··· DATA RECORDS
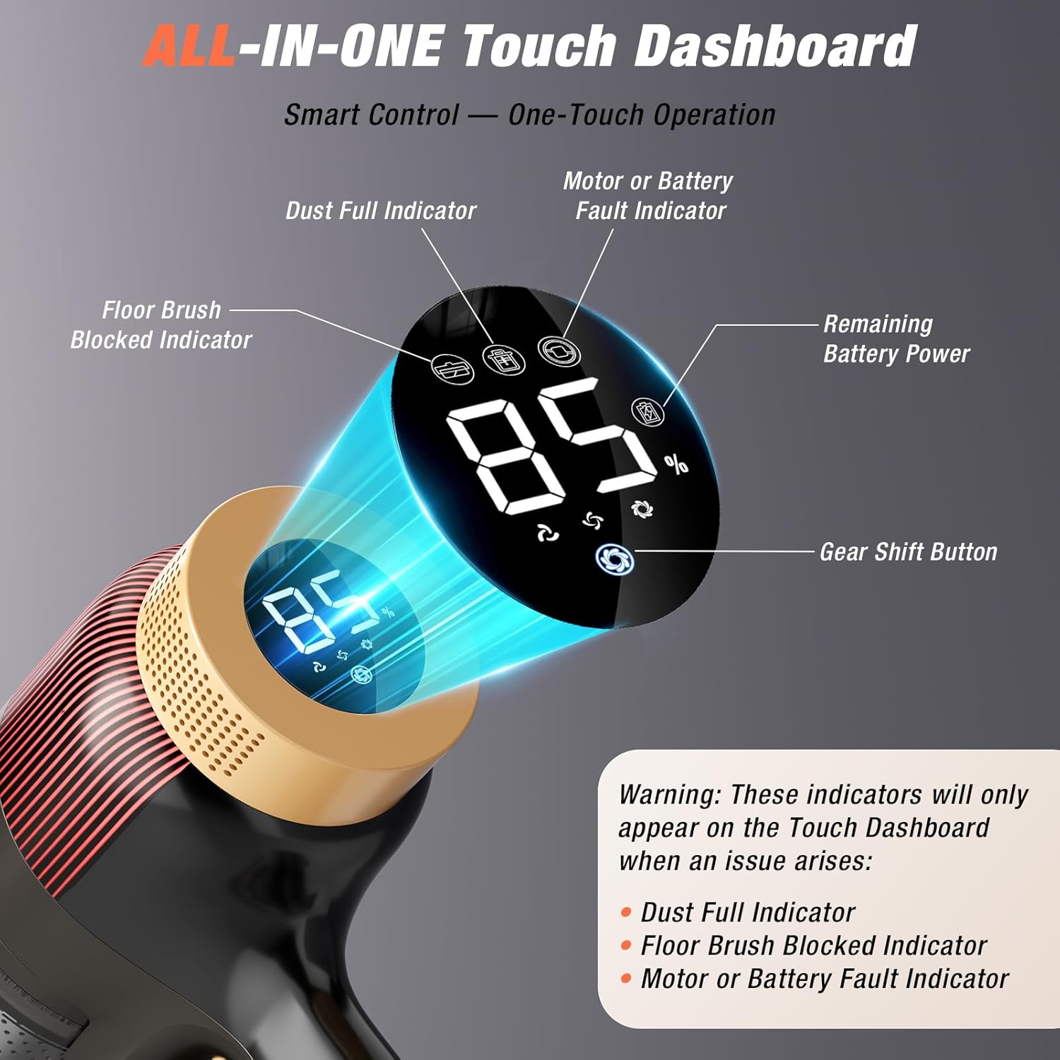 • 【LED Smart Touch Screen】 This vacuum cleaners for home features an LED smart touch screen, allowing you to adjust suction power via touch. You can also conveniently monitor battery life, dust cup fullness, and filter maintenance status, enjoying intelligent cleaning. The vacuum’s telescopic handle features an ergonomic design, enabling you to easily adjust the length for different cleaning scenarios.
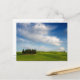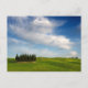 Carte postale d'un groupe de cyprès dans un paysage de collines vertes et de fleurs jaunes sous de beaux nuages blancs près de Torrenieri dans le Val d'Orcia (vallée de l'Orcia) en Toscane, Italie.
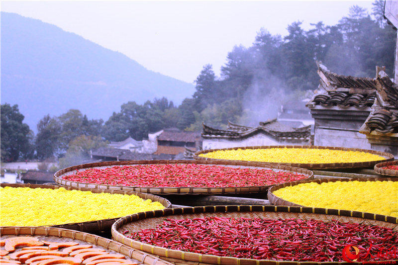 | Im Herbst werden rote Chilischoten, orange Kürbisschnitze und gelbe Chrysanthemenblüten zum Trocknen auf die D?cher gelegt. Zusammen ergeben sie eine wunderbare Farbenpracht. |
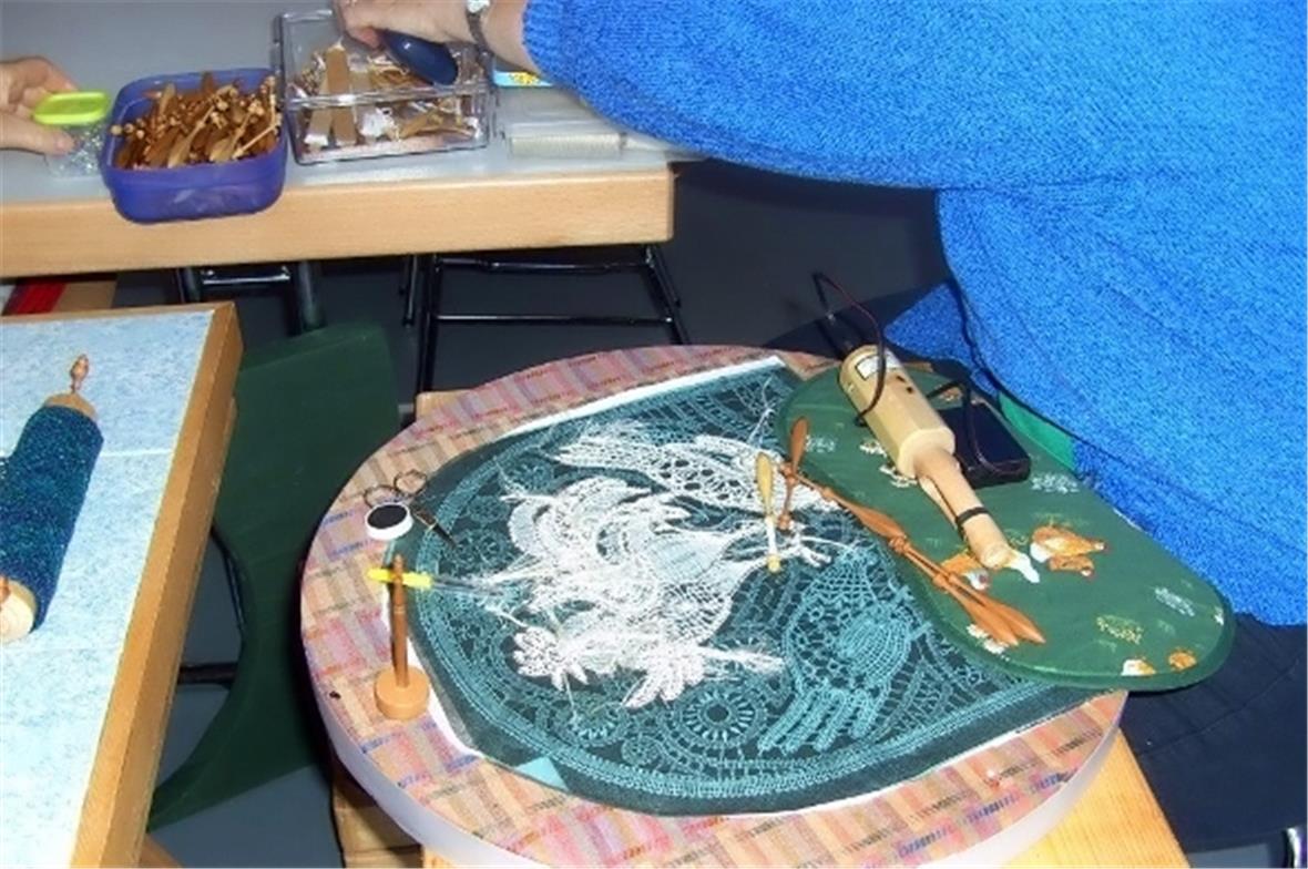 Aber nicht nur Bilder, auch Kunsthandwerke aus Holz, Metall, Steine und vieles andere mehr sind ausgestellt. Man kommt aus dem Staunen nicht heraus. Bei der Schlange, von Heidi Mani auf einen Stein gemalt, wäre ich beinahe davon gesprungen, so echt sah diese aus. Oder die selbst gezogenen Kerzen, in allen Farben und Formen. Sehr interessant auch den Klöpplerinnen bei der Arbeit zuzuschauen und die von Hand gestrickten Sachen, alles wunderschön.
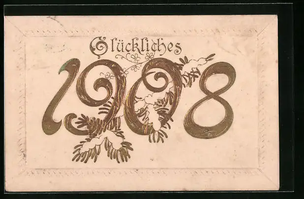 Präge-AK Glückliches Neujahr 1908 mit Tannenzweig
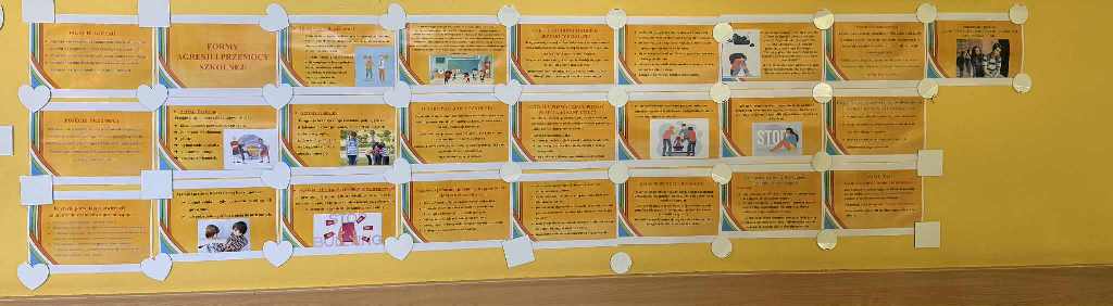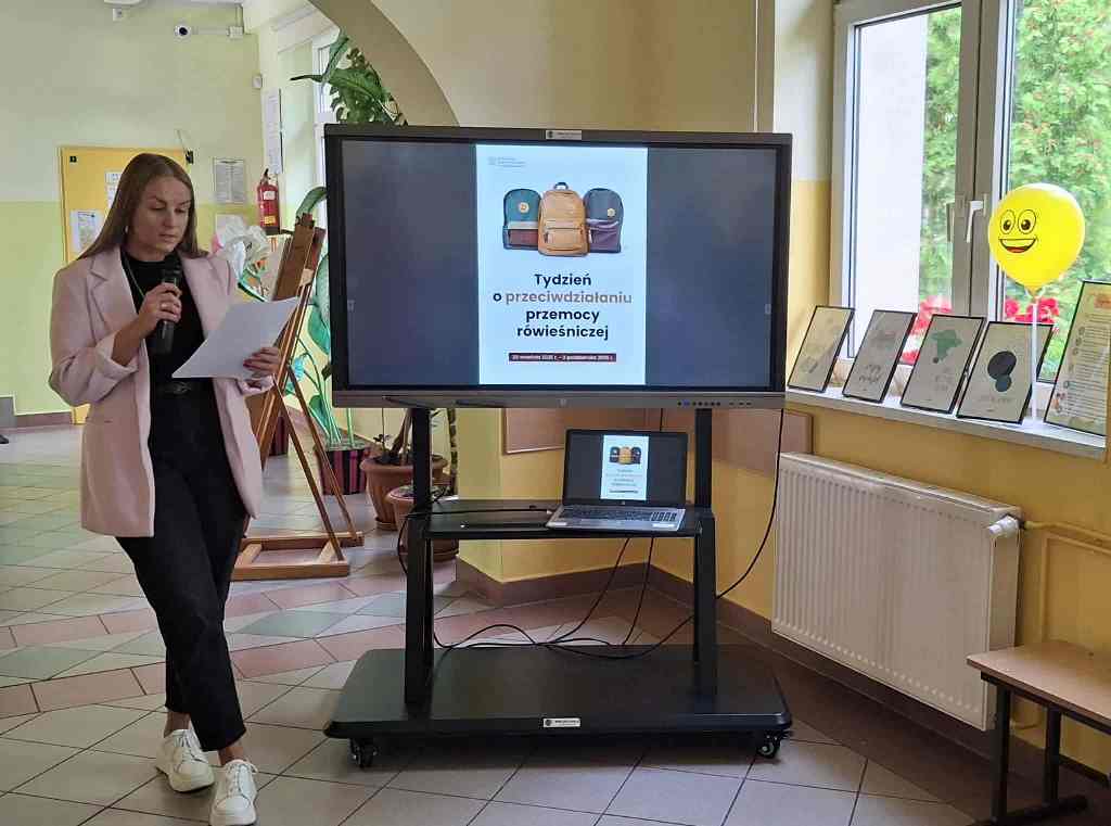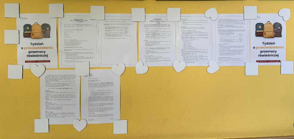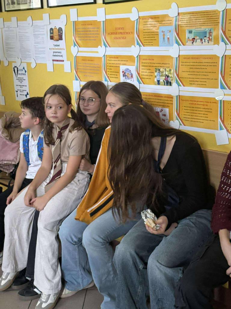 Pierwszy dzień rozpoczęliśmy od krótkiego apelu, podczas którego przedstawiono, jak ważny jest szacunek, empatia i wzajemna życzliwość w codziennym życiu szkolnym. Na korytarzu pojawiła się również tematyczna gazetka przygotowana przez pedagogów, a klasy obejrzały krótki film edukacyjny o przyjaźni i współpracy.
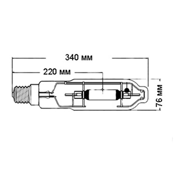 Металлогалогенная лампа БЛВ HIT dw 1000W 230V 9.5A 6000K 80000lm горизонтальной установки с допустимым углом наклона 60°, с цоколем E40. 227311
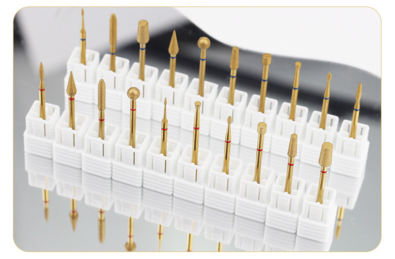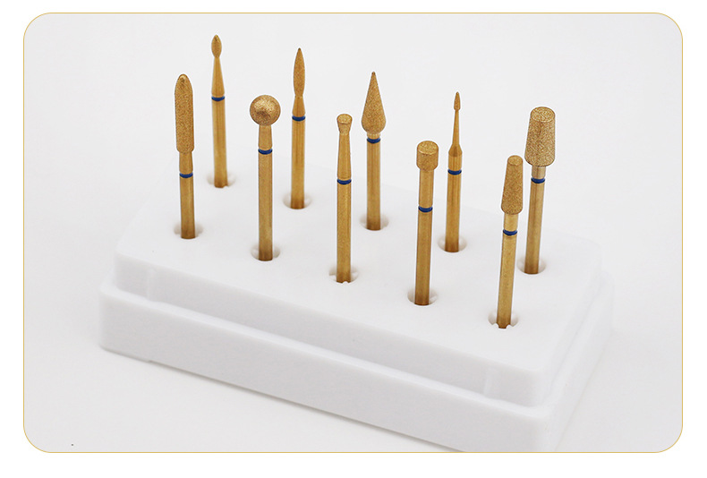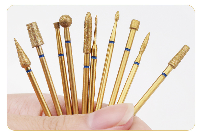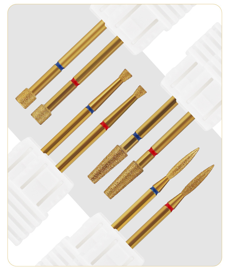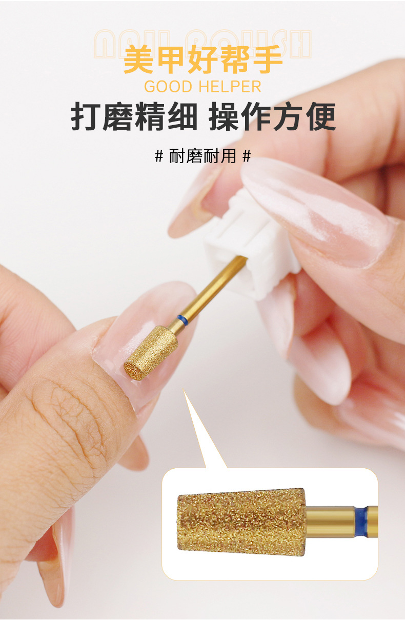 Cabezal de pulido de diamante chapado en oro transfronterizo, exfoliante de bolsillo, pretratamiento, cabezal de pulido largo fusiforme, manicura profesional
······
TO DO:
The range runs from the line containing "Pierwszy dzień rozpoczęliśmy" through the end of the entries; print those lines exactly and leave the pictures out.

WRITTEN SOLUTION:
 Pierwszy dzień rozpoczęliśmy od krótkiego apelu, podczas którego przedstawiono, jak ważny jest szacunek, empatia i wzajemna życzliwość w codziennym życiu szkolnym. Na korytarzu pojawiła się również tematyczna gazetka przygotowana przez pedagogów, a klasy obejrzały krótki film edukacyjny o przyjaźni i współpracy.
 Металлогалогенная лампа БЛВ HIT dw 1000W 230V 9.5A 6000K 80000lm горизонтальной установки с допустимым углом наклона 60°, с цоколем E40. 227311
 Cabezal de pulido de diamante chapado en oro transfronterizo, exfoliante de bolsillo, pretratamiento, cabezal de pulido largo fusiforme, manicura profesional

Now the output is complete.